To protect confidential data on a web application requires users to trust the server to protect data from unauthorized disclosure. However, this trust is often risky because there are many situations where confidential data can leak from the server. For example, attackers could exploit bugs in server software to break in, curious administrators could snoop on data on the server, or server administrators could be legally compelled to leak data.

One approach that seems to work is to assign each user their own encryption key , use that user's key to encrypt the user's data in the web browser, and store only the encrypted data on the server. This model ensures that attackers cannot read any confidential data on the server because they lack the corresponding decryption key. This model has also been adopted by some web applications with privacy protection function, but this approach has three significant flaws:

① First of all, in terms of security, the compromised server can provide malicious client code to the browser and extract the user's key and data. Because a web application consists of many files, such as HTML pages, Javascript code, and CSS style sheets, and HTML pages are usually dynamically generated, it is difficult to ensure that the server has not tampered with the application's code.

②Secondly, in terms of functionality, this method cannot provide data sharing between users. To solve this problem, it can be considered to encrypt the shared document with a separate key and distribute each key to all users who share the document through the server. user. However, the security of key distribution via servers is also not guaranteed, since a compromised server could provide arbitrary keys to users and thus trick users into using incorrect keys.

③Third, in terms of efficiency: This approach requires all application logic to run in the user's web browser, because it can decrypt the user's encrypted data. But this is often impractical, since doing a keyword search would require downloading all documents to the browser.

So this article introduces Mylar, a new platform for building web applications that only stores encrypted data on the server . The authors also demonstrate that Mylar is suitable for many classes of applications to protect confidential data from compromised servers. It takes the form of web application frameworks, where logic is implemented in client-side Javascript code and data is sent over the wire instead of HTML. This guarantees:

In terms of data sharing: In order to prevent the server from cheating during the key distribution process, Mylar proves the public key by generating a certificate path , and allows the application to specify a trusted certificate path every time the context is used. Combined with a user interface component to display the corresponding certificate user, this technique ensures that the server cannot collude with the application to use the wrong key.

Computation over encrypted data: Mylar provides the first encryption scheme to efficiently perform keyword searches on data encrypted with different keys . The client provides the encrypted word to the server, and the server can return all documents containing that word without learning the word or the content of the documents.

Authenticating application code: With Mylar, code running in a web browser can access the user's decrypted data and keys, but the code itself comes from an untrusted server.

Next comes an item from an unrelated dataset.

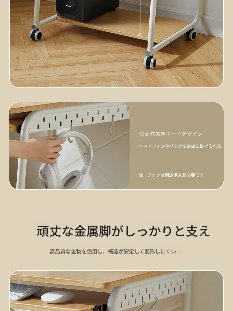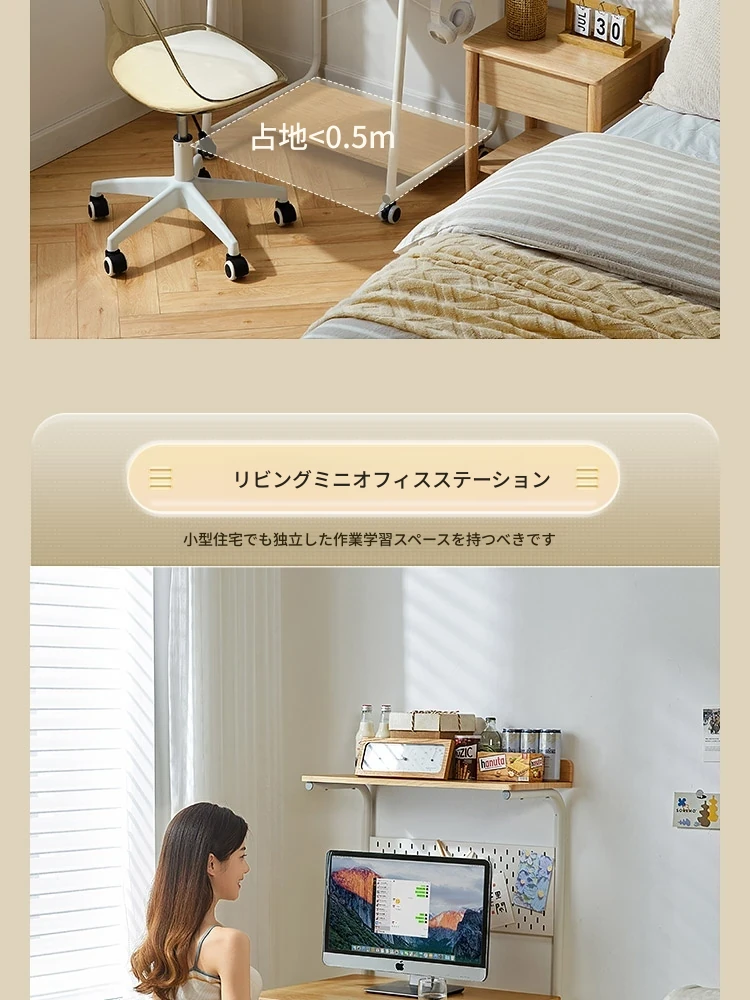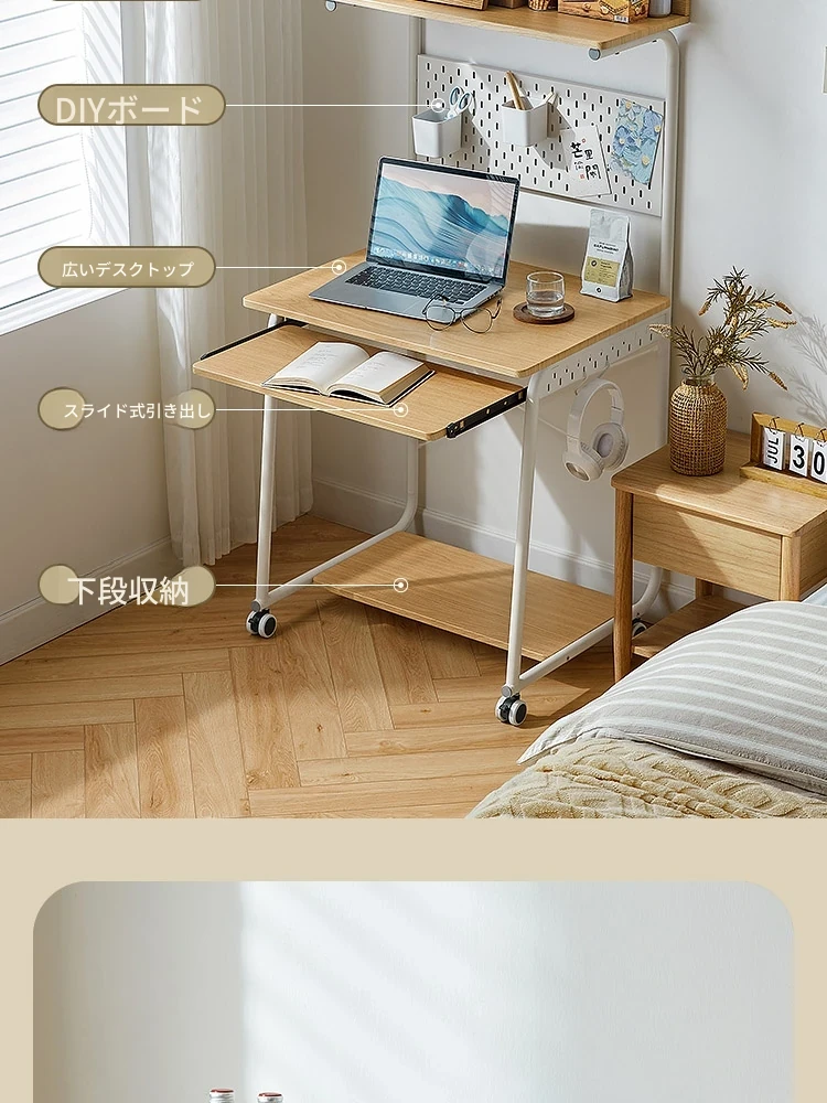 林氏家居のスタイリッシュな穴あきデスク - 移動可能な寝室用コンピューターデスク!小スペースに最適な大人向け木製デスク。快適な作業環境を実現します!

To ensure this code has not been tampered with, Mylar checks that the code is properly signed by the website owner . This check is possible because the application code and data are separated in Mylar , so the code is static. Mylar uses two sources to simplify code validation for web applications. The main origin only hosts the application's top-level HTML page, whose signature is verified using the public key in the server's X.509 certificate. All other files come from secondary sources, so if they are loaded as top-level pages, they cannot be accessed from the primary source. Mylar verifies the hashes of these files against the expected hashes contained in the top-level page.

3. Mylar architecture

There are three roles in Mylar: User, Site Owner and Server Operator. Mylar's goal is to help website owners protect users' confidential data in the face of malicious or compromised server operators.

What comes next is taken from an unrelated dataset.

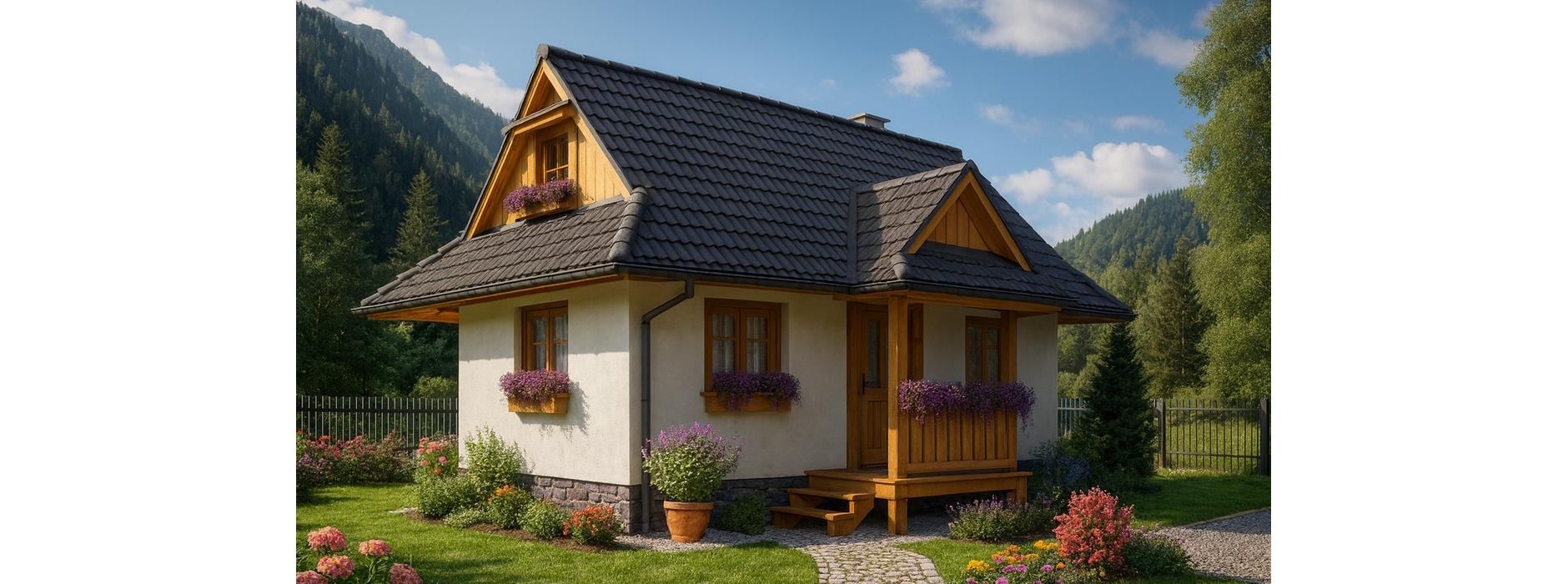 budynek letniskowy parterowy z podddaszem sypialnym lub wersja jako budynek gospodarczy

The structure of Mylar is shown in the figure. Mylar consists of the following four components:
insert image description here
Browser extension : It is responsible for verifying that the client code of the web application loaded from the server has not been tampered with.

**Client-side library: **Client library. It intercepts and encrypts or decrypts data sent to and from the server. Each user has a public-private key pair. The client library stores the user's private key on the server, encrypted with the user's password. When a user logs in, the client library obtains and decrypts the user's private key. For shared data, Mylar's clients create separate keys, which are also stored in encrypted form on the server.

**Server-side library:** It performs calculations on encrypted data on the server.

**Identity provider (IDP):** For some applications, Mylar requires a trusted identity provider service (IDP) to verify that a given public key belongs to a specific username. If the application has no trusted method to authenticate the user who created the account, and the application allows the user to choose who to share data with, the application needs an IDP. (Note: The IDP does not store per-app state, and Mylar only contacts the IDP the first time a user creates an account in the app. After that, the app server stores the certificate from the IDP.)

Mylar is deployed on a web application as follows:
First, developers use Mylar's authentication library for user login and account creation. If the application allows the user to choose which other users to share data with, the developer should also specify the URL and public key of the trusted IDP.

Second, the developer specifies which data in the application should be encrypted and who should have access to it. Principals correspond to public/private key pairs and represent application-layer access control entities such as users, groups, or shared documents. In our prototype, all data is stored in MongoDB collections, and developers use fieldsets that contain confidential data and the name of the principal that should access that data (that is, which key should be used).

Third, the developer specifies which principals in the application can access which other principals. For example, if Alice wants to invite Bob to a secret chat, the application must call the Mylar client to grant Bob's principal access to the chat room principal.

Fourth, developers change their server-side code to call the Mylar server-side library when performing keyword searches. Our prototype's client library provides functionality for common operations, such as keyword searches on specific fields in a MongoDB collection.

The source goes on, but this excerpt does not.